**Exercise aim**
Only the pictures should be left out; repeat the rest of the data exactly.

**Input data**
BEGIN

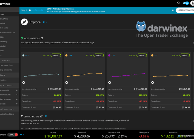 DARWINs reproduzieren Ihre Leistung, ohne Ihre Trades preiszugeben, wodurch Ihr geistiges Eigentum geschützt wird. Auch hinsichtlich des Risikos sind diese völlig vergleichbar, was die DARWIN-Börse für Anleger und Investoren zu einem Umfeld mit gleichen Wettbewerbsbedingungen für Startkapital und Investorenkapital macht.
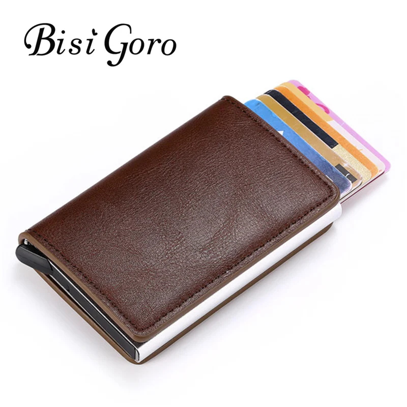 BISI GORO Умный кошелек алюминиевая коробка держатель для кредитных карт для мужчин и женский тонкий кошелек RFID держатель чехол для карт бумажн...
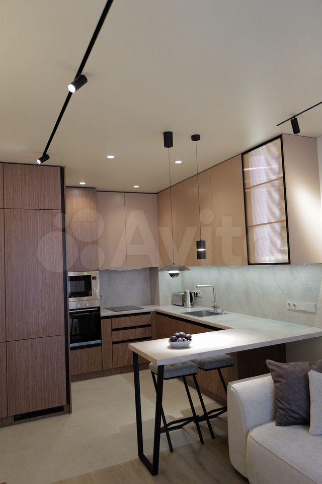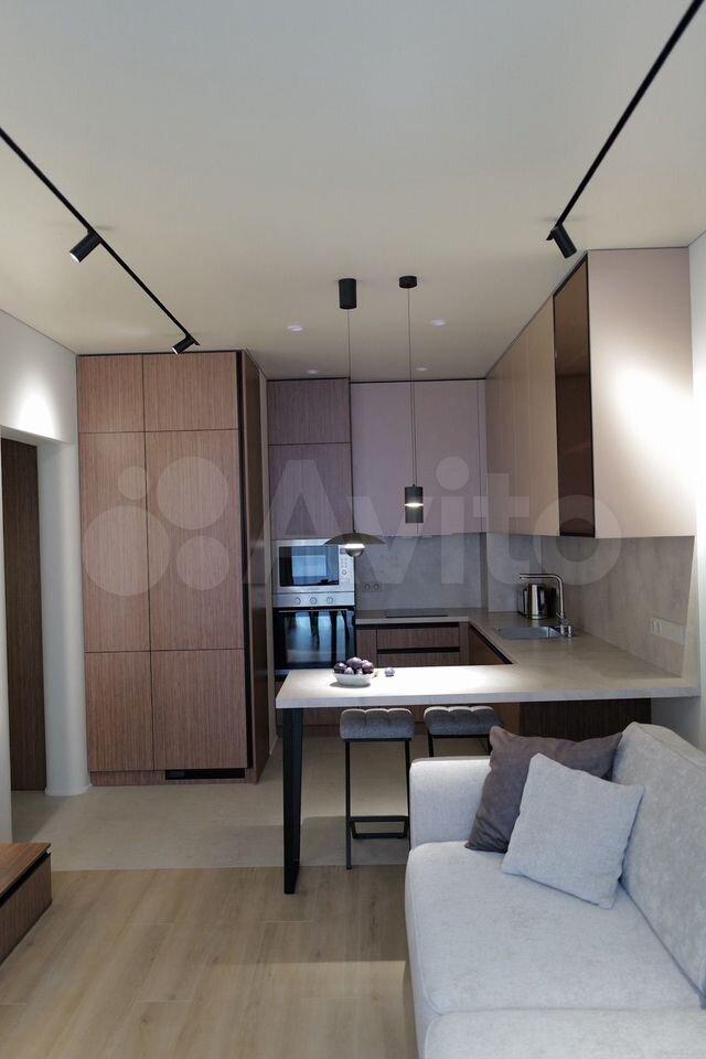 Кухня оснащена всеми современными приборами, лаконично встроенными в кухонный гарнитур: посудомоечной машиной, духовкой, варочной поверхностью, большим холодильником. Вся техника и мебель новые. В гостиной удобный диван .

END

**Finished task**
 DARWINs reproduzieren Ihre Leistung, ohne Ihre Trades preiszugeben, wodurch Ihr geistiges Eigentum geschützt wird. Auch hinsichtlich des Risikos sind diese völlig vergleichbar, was die DARWIN-Börse für Anleger und Investoren zu einem Umfeld mit gleichen Wettbewerbsbedingungen für Startkapital und Investorenkapital macht.
 BISI GORO Умный кошелек алюминиевая коробка держатель для кредитных карт для мужчин и женский тонкий кошелек RFID держатель чехол для карт бумажн...
 Кухня оснащена всеми современными приборами, лаконично встроенными в кухонный гарнитур: посудомоечной машиной, духовкой, варочной поверхностью, большим холодильником. Вся техника и мебель новые. В гостиной удобный диван .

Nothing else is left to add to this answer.